Эссе Дмитрия Быкова об Осипе Мандельштаме (2016)

 

1

Как и с Платоновым, это тот случай, когда у людей жизнь уходит на изучение какого-нибудь одного мандельштамовского периода или даже на расшифровку текста, поэтому писать обзорный очерк о Мандельштаме — тем более к его 125-летию — смешно и странно. Незначительная, но шумливая группа обиженных непризнанием самодеятельных поэтов поспешила в поисках лучшей доли примкнуть к «Русскому миру» и тащит туда Мандельштама, не задумываясь ни об аргументации, ни о логике; Бродского, как им кажется, они уже перетащили. Вообще к полукруглому юбилею наговорили страшное количество глупостей, и это понятно: в нынешней России мало что прогрессирует, кроме инфекционного, страшно заразного безумия и сопряженной с ним умственной деградации. Но вот парадокс — Мандельштам, такой сложный, прихотливо ассоциативный, гипертрофированно культурный («снами, лежащими в области культуры только» называл его стихи Блок), не стал нам чужд. Напротив — чем дальше, тем он роднее. Не в последнюю очередь это происходит потому, что наш путь именно Мандельштамом был точнее всего предсказан — а потом описан. Мы давно живем в «Ламарке», что почувствовал еще Юрий Карякин в 1989 году, когда анализировал этот текст как хронику расчеловечивания.

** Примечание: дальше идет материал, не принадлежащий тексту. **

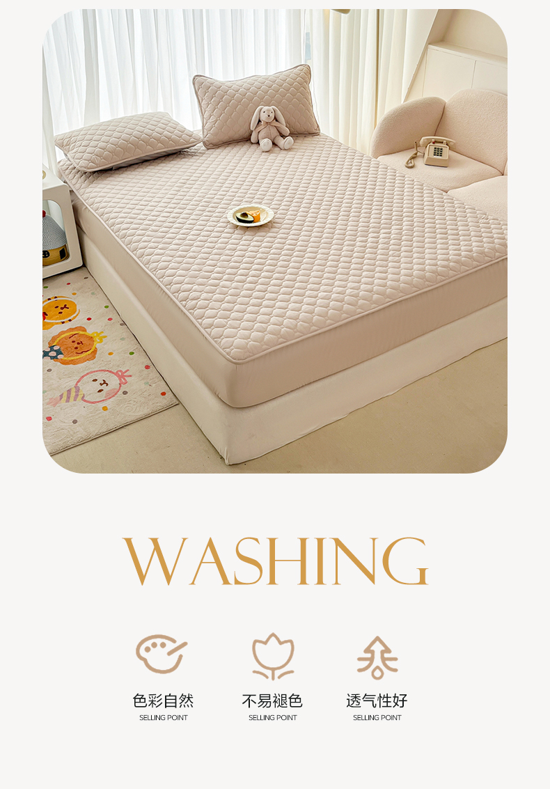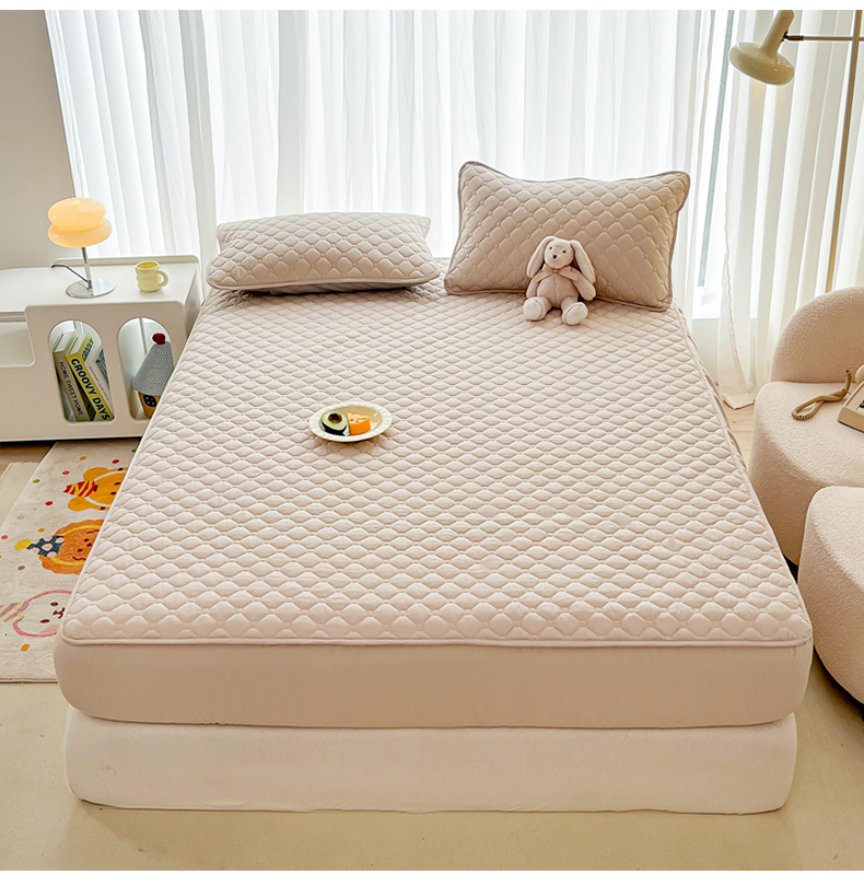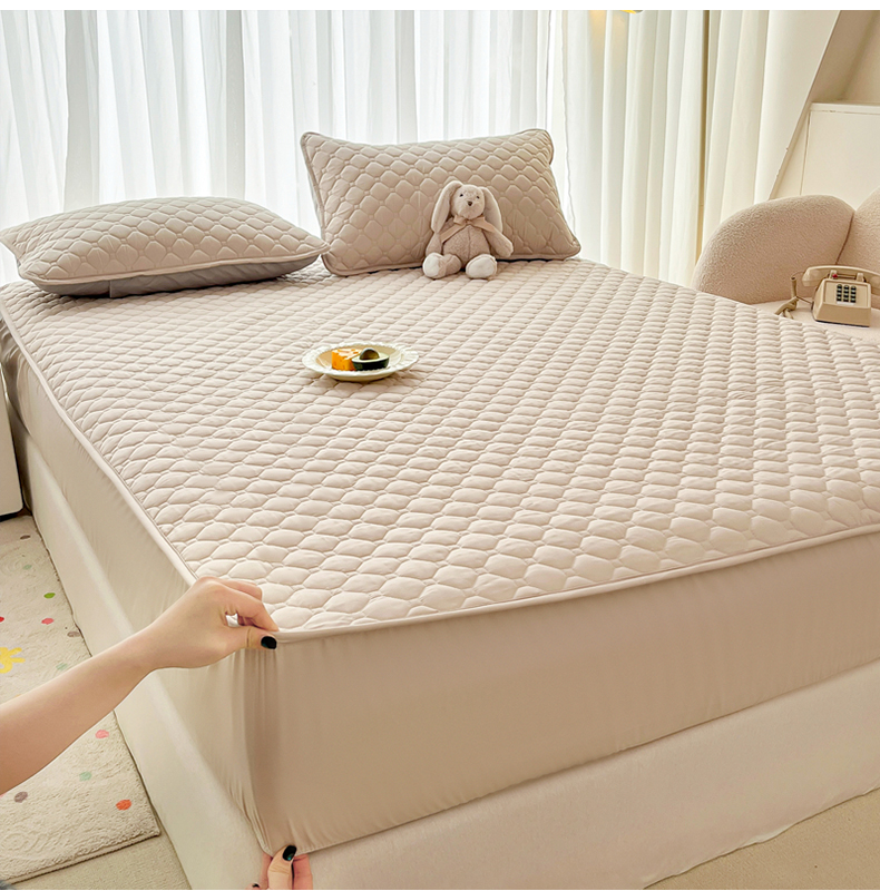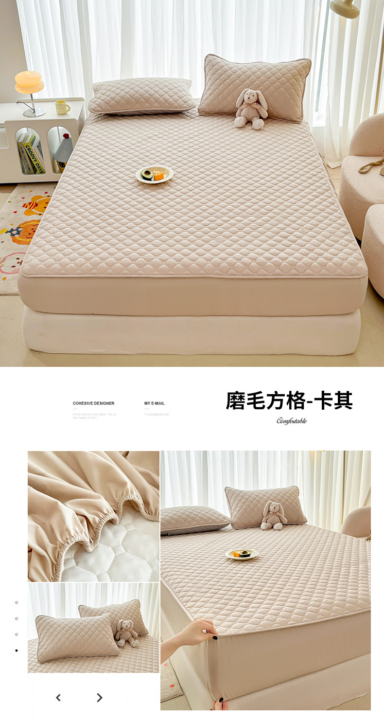 (总)云木里 2025新款速暖豆豆绒夹棉床笠,黑白,卡其,抹茶绿,浅灰,雾霾蓝,樱花粉

Это одна из последних прижизненных публикаций Мандельштама — шестой «Новый мир» за 1932 год. И самое здесь любопытное, что Сергей Маковский, «папа Мако», редактор «Аполлона», который, если верить его мемуарам, Мандельштама вообще открыл, — ничего в «Ламарке» не понял. Он с горьким недоумением пишет: каким ясным был Мандельштам — и какую невнятицу, какие головоломки печатает он теперь! Между тем «Ламарк» — одно из самых понятных стихотворений Мандельштама, и сегодняшний ребенок — в моем, скажем, школьном классе — с легкостью в нем разбирается, особенно если хорошо успевает по биологии. Я, пожалуй, процитирую — хотя кто его сегодня не знает?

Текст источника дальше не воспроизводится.